福島:COOはファウンダーよりも短く、事業よりも長い時間軸を持って、理想への道筋を描きながら、足元のやるべきことを示す。ひたすら構造的なギャップに向き合い、前に進める存在です。
徳永:なるほど…!!理想と足元のギャップを認識しながらその中で間の時間軸での理想形を描く、今自分自身も強く求められている役割だなと感じます。
徳永:実際に福島さん自身は理想のCOOにどうやって近づいているんでしょうか。
福島:COOとしてというよりはBizDevとしての挑戦の規模や範囲をどんどん広げているイメージです。
ラクスルにおけるBizDevの役割は、新卒BizDevも私も本質は変わりません。 ラクスルでのBizDevのミッションは、連続的な成長と非連続な成長があるうちの、非連続な成長の実現です。
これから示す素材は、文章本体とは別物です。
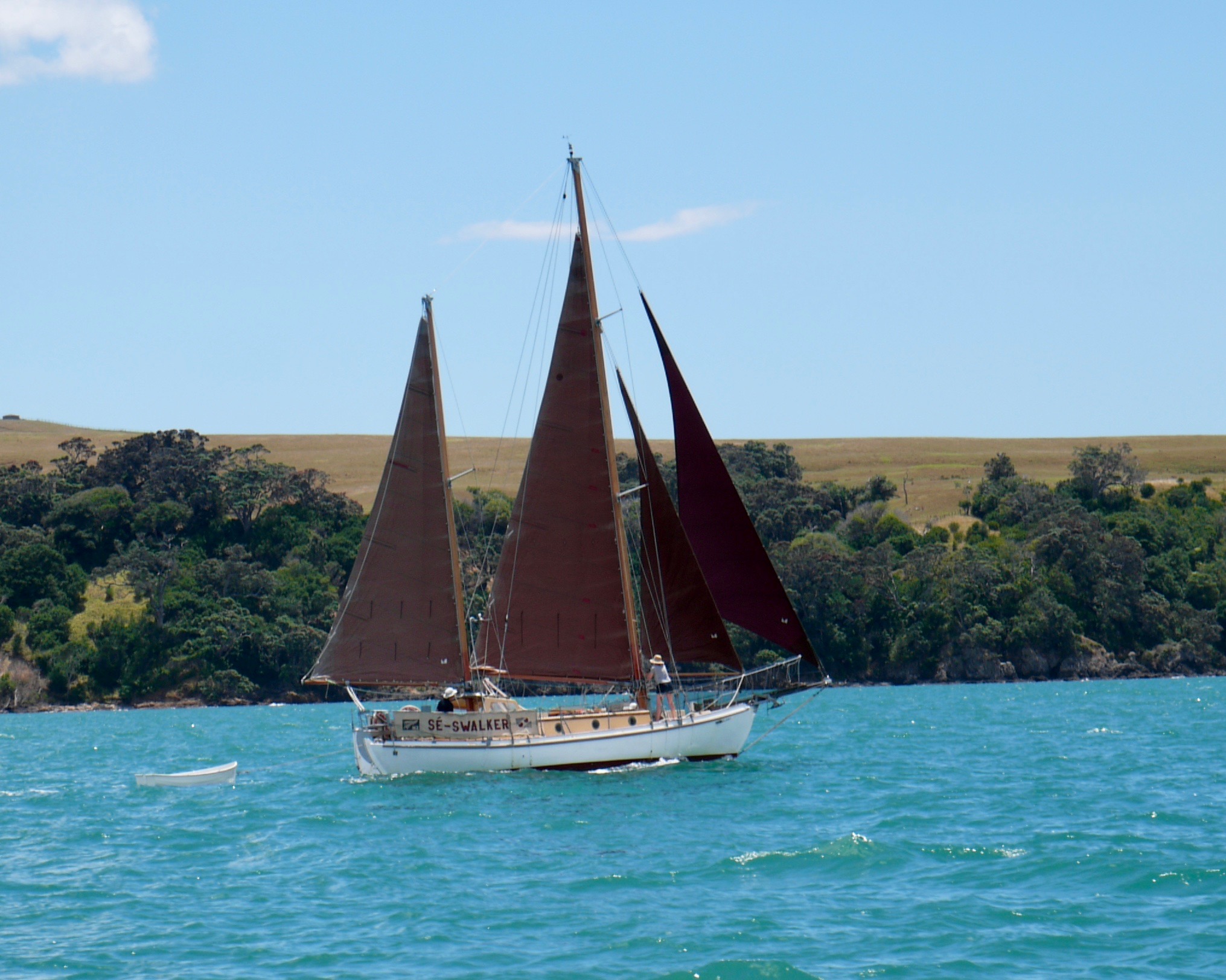 this Se Swalker, launch in Purau Bay, Lyttelton in 1988. Carvel, Kauri built by Geard Kingma. She’s been to the Auckland Islands and cruise Fiordland a number of times. She’s 38′ LOD, 44′ LOA. It’s a William Atkin Ingrid design. Thanks for the pic!! Nick Atkinson.

なので事業をうまくマネジメントして、線形の成長をしただけは0点、事業の成長角度を変えるような変化点を創れたことだけを評価します。
徳永:ここでも「非連続」がキーワードになるんですね、福島さん個人の変化点になったような経験があるんでしょうか。
福島:ラクスル入社6ヶ月目に事業責任者になったのですが、成果が出なくて3ヶ月で降ろされたんですよね。
徳永:なんと…!
福島:2つの失敗体験がいまの働き方のベースです。
1つは連続的な成長と非連続の成長を分けられていなかったこと。General ManagerとBizDevの違いを分かっておらず、事業責任者として毎日売上とKPIを管理して、それをどうチューニングするかだけ考えており、事業成長の角度を変えるという視点が抜けてましたね。
2つ目は入社して半年で、事業の1年先の未来を描けなかったこと 事業の未来への解像度が全くなかったですね。解像度を持てる未来の時間軸は、自分の在籍期間とだいたい同じぐらい。入社半年の自分は、事業責任者として1年後の未来を描く時間軸を持ってなかったですね。
徳永:うーん勉強になります…。特に前者は自分自身も認識しきれてなくて失敗してきたなと福島さんの話を今聞いて気づきました。
福島:持続的な成長を続けながら、同時に、非連続なイノベーションを起こすことが、両方求められるのがスタートアップの難しさですよね。常に足元の数字を伸ばすプレッシャーがある中で、線形な成長の延長線上にはゴールがないので変革が求められる。 この2つを両立させるための組織や事業のバランスを保つことが、スタートアップのリーダーにには求められると思います。
徳永:すごく心にしみました…。私含めて理想のCOOを目指す方向けに、理想のCOOに近づくためにできることを教えて欲しいです。
福島:答えはシンプルで、会社が進化し、事業が非連続に伸びる環境で、事業にフルコミットすることです。会社が進化しない、事業が線形成長しか目指さないなら、BizDevもCOOもいらないと思います。会社が歪むくらいにフェーズを変える、壊れるぐらい事業を伸ばすと言う意志があって、初めてCOOやBizDevの価値や成長機会が生まれてくるはずです。
徳永:ありがとうございます。最後に福島さんにとってのこれからのチャレンジを教えてください。
福島:ラクスルでは、1,000億のプラットフォームカンパニーになる未来を描いて実現したいです。領域では、Market PlaceだけではなくSaaS領域にもチャレンジしたいですね。
個人としてはBtoBの事業家マフィアをつくりたいです。BtoBプラットフォームでの事業経験を共有する仲間を集めて、シリアル事業家が増えることで、スケールしてメジャーなるスタートアップが増えて、最初に話した日本の大企業にも危機感が生まれ、競争のダイナミズムにより産業自体が進化していけるといいなと思ってます。

COO仕事の流儀第一弾。
非常に抽象度の高い問いに対して、福島さんなりの現時点での結論を堂々と語っていただき私自身すごく勉強になりました。
福島さんご自身が考え抜かれたオリジナリティ溢れる一言一言から、私自身実際に今HERPを経営する中での難しさやCOOというポジションの意味合い・持つべき役割などを少し俯瞰して見られるようになった気がします。
強い会社には強い経営陣がいるということを強く認識しました。 私と同じくCxOとして会社経営に携わる皆さん、そういったキャリアを目指される方々にぜひお読みいただきたいです!